Facebook wants you to know that it's the most transparent social media network. The way that you know that is that Facebook says so. "Transparency is an important part of everything we do at Facebook," the company says on its website.
In fact, it has an entire section on its website that it says is meant to "give our community visibility into how we enforce our policies, respond to data requests and protect intellectual property, while monitoring dynamics that limit access to Facebook technologies."
It's probably worth mentioning that -- as a general rule -- if you have to try this hard to convince people that you're being transparent, there's a pretty good chance you aren't. Otherwise, we'd already know. I don't know anyone who thinks that Facebook is transparent about anything.
This is, after all, the company that fought bare-knuckled against Apple over its requirement that developers ask permission from users before they track their activity across apps and websites. Why was this such a big deal for Facebook? Because the company knows that when people are made aware of how much of their personal data is being collected and given a choice about whether they want to be tracked, very few people will opt-in.
So Facebook very much wanted to find a way to pressure Apple into not requiring developers to be honest about how they use your data and ask permission first.

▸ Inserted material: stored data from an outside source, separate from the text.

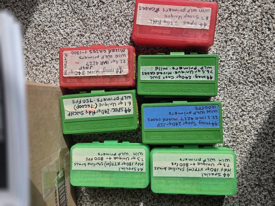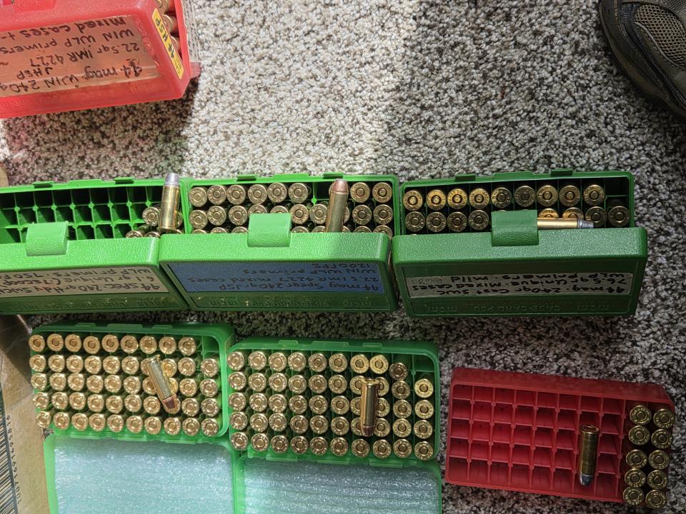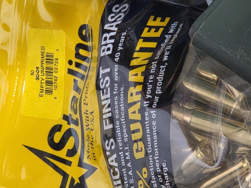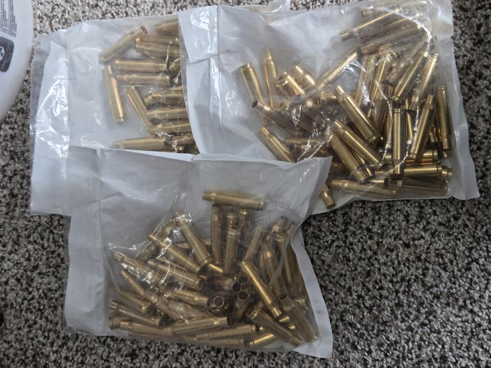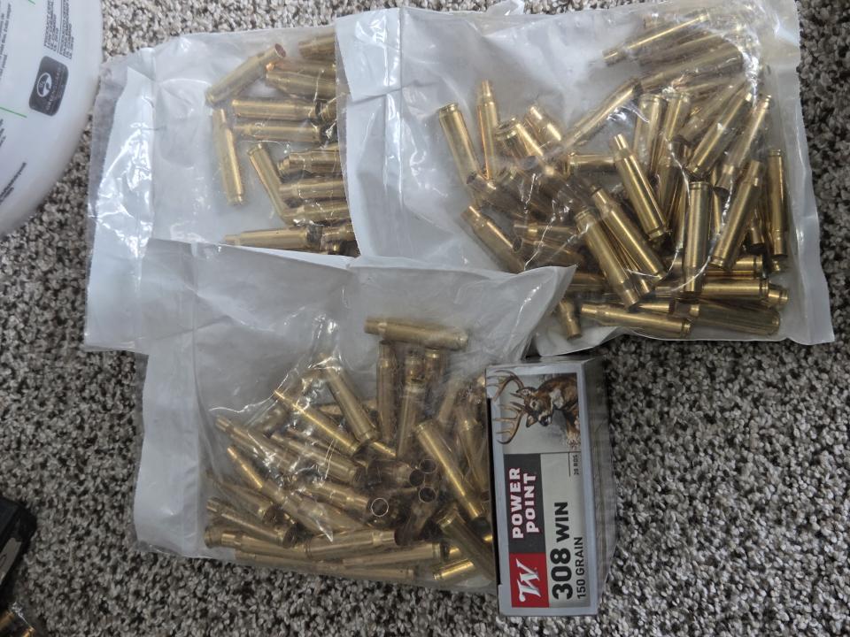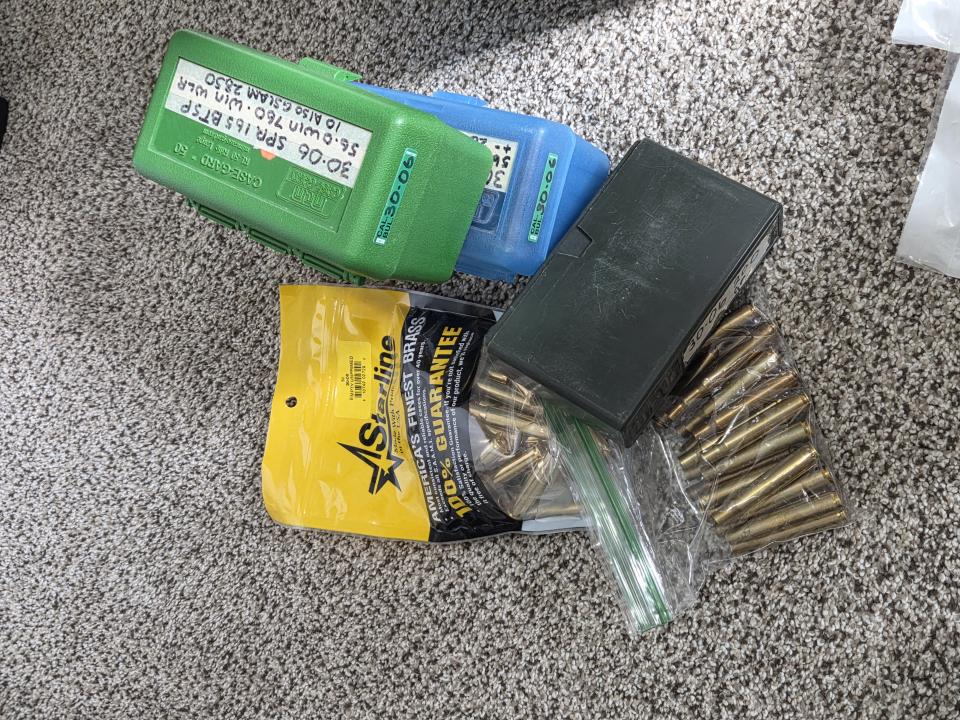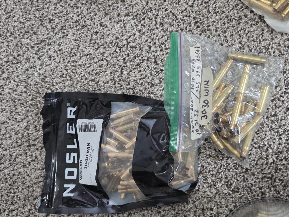 30-30 Nosler brass, Starline 308 brass and full box of Winchester .308 150 gr PowerPoint ammo, Starline 30-06 brass and ammo, some fired stuff also.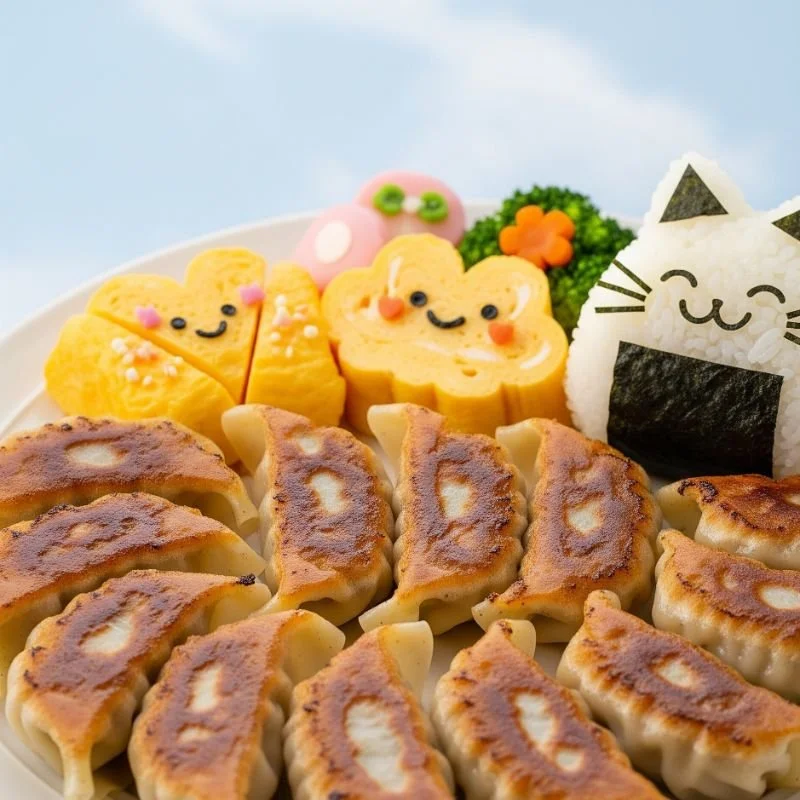 The humble gyoza receives a second appearance on our list through a variation that proves Japanese cute food culture can transform even crispy, pan-fried favorites. Yaki-gyoza with faces adds personality to the distinctive presentation of these dumplings, which are typically served connected by a lacy, crispy "skirt" created during the cooking process. Creative cooks add facial features using food-safe markers on the wrappers before cooking, or strategically place sesame seeds, nori pieces, or vegetable accents after cooking to create expressions that range from sleepy to surprised to mischievous. What makes these particularly endearing is how the cooking process naturally creates individuality—slight variations in browning and the way each dumpling puffs during cooking means no two faces look exactly alike, even when the same decorative techniques are applied. This creates the impression of a family or community of gyoza, each with its own character, rather than identical duplicates. I encountered these at a small restaurant in Tokyo's Koenji neighborhood, where the chef explained that he began creating these faces to entertain his young daughter and continued because adult customers found such joy in them—proving that food with personality transcends age barriers.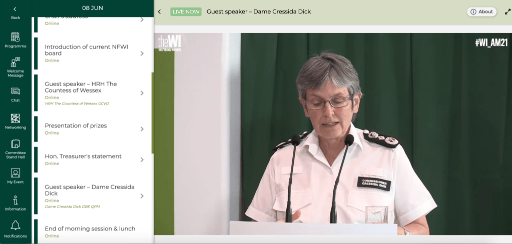 All the speakers for the event were together at The Royal Society of Arts in London including the NFWI board, Sophie the Countess of Wessex and Dame Cressida Dick. All socially distanced of course, and the speaker’s platform was sanitised in between each use.

Trying to hide the fact that your entire business model is based on monetizing user data doesn't sound very transparent.
Still, as a part of its promise, the company last week its quarterly reports designed to make Facebook "by far the most transparent platform on the internet," according to Guy Rosen, the company's vice president of integrity.
Among those, Facebook released a "Widely Viewed Content Report" that the company says is designed to help "provide clarity around what people see in their Facebook News Feed, the different content types that appear in their Feed, and the most-viewed domains, links, Pages, and posts on the platform during the quarter."
The plan was for Facebook to highlight the most popular content shared on the social platform. At a time where the company is increasingly criticized for serving as a digital Petri dish where misinformation and divisive content is born and amplified, Facebook had a strong motivation to show that most viewed posts were about benign things like recipe websites and former football players.
And the report the company released showed that the top viewed Page on Facebook belongs to Unicef. That's not very controversial. The most widely viewed post was one of those memes that tells users that the first three words they see "are your reality," whatever that means.
It's all pretty boring, which I suppose is the point if Facebook is trying to downplay the spread of Covid-19 misinformation and anti-vaccination content. The accompanying blog post even highlighted that "Prevalence of hate speech has decreased for three quarters in a row since we first began reporting it. This is due to improvements in proactively detecting hate speech and ranking changes in News Feed."
Except it turns out that this wasn't the first of this type of report Facebook put together. The New York Times reported on Friday that Facebook had buried an earlier report that it feared would make it look bad. I reached out to Facebook but did not immediately receive a response.
When Facebook recognized that the most popular post earlier in the year was an article about a doctor that died after receiving the Covid-19 vaccine, it realized that would be bad for its narrative. So it did what a giant company does when it's faced with information that might damage its credibility. It put it in a drawer and hoped the rest of would forget that it promised to be "transparent."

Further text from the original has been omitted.